Discovery and characterization of a prevalent human gut bacterial enzyme sufficient for the inactivation of a family of plant toxins

Abstract

Although the human gut microbiome plays a prominent role in xenobiotic transformation, most of the genes and enzymes responsible for this metabolism are unknown. Recently, we linked the two-gene 'cardiac glycoside reductase' (cgr) operon encoded by the gut Actinobacterium Eggerthella lenta to inactivation of the cardiac medication and plant natural product digoxin. Here, we compared the genomes of 25 E. lenta strains and close relatives, revealing an expanded 8-gene cgr-associated gene cluster present in all digoxin metabolizers and absent in non-metabolizers. Using heterologous expression and in vitro biochemical characterization, we discovered that a single flavin- and [4Fe-4S] cluster-dependent reductase, Cgr2, is sufficient for digoxin inactivation. Unexpectedly, Cgr2 displayed strict specificity for digoxin and other cardenolides. Quantification of cgr2 in gut microbiomes revealed that this gene is widespread and conserved in the human population. Together, these results demonstrate that human-associated gut bacteria maintain specialized enzymes that protect against ingested plant toxins.

Trial registration: ClinicalTrials.gov NCT03022682 NCT01967563 NCT01105143.

Keywords: Eggerthella lenta; digoxin; enzyme; gut microbiome; infectious disease; microbiology; xenobiotic.

Figure 1.. Comparative genomics expands the boundaries of the cgr operon.

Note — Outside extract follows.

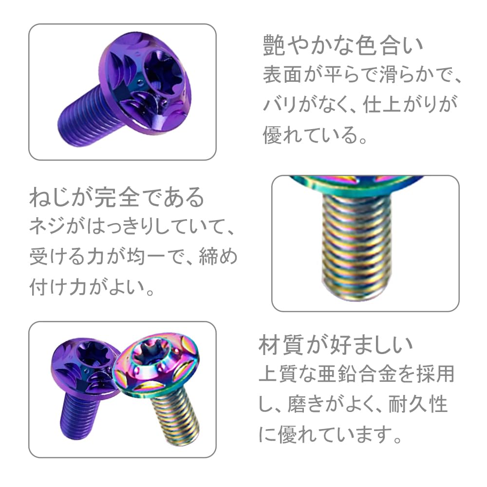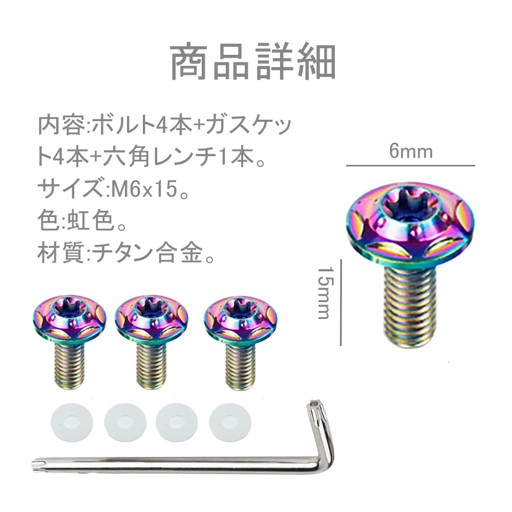 商品情報商品の説明【セット内容】:ボルト×4個、ガスケット×4個、サイズ:M6x15、色:虹色/ブルー。主な仕様 【セット内容】:ボルト×4個、ガスケット×4個、サイズ:M6x15、色:虹色/ブルー。br【良質な材質】:ボルトに良質なチタン合金を採用し、チタン合金ねじは軽量で強度が高く、硬度が大きく、腐食や錆に強い特性がある。br【耐久性】耐久性に優れ、チタン合金ボルトは水、泥、油、酸、アルカリなどの条件下で、良好な耐食属性を有する。 特に頑丈なボルトは、日常の運転や過酷な道路状況でも安定し、簡単に外れることはありません。br【デザインが美しい】色が豊富で美しく、色が明るくて質感があり、好みや車両の外観に合わせてどこにでも取り付けられます。br【多目的】簡単な操作で車両に取り付けることができ、美しくて盗難防止にも効果的で、他の装飾品や部品を固定して自分でDIYすることもできます。

(A) Survey of digoxin reduction in 21 strains of E. lenta (El#), 2 strains of Gordonibacter spp. (Gs#), E. sinensis (Es1), and Paraeggerthella hongkongesis (Ph1) (Figure 1—source data 1 and 2) revealed eight strains capable of reducing digoxin to dihydrodigoxin (*p<0.05, ANOVA with Dunnett’s test vs. vehicle controls). Data represents mean ± standard error of the mean (SEM) over three biological replicates. (B) Digoxin reduction did not correlate with phylogeny in E. lenta species (cladogram displayed with bootstrap values indicated at nodes; p=0.275, K = 0.049, Blomberg’s K). (C) Comparative genomics using a random forest classifier (see Materials and methods) revealed seven genes with perfect predictive accuracy for digoxin reduction. The orthologous cluster identified as hypothetical corresponds to an open reading frame present at position 299442..2995131 in the DSM 2243 reference genome. (D) Analysis of genomic context revealed a highly conserved 10.4 kb locus of 7 genes that flank a short, conserved hypothetical gene, herein termed the cgr-associated gene cluster (cac). (E) Analysis of gene expression in the cgr-associated gene cluster revealed only the cgr-locus was significantly upregulated by exposure to digoxin. * FDR < 0.1 (Figure 1—source data 3).

Figure 2.. Cgr2 is sufficient for digoxin reduction and requires FAD and [4Fe-4S] cluster(s) for activity.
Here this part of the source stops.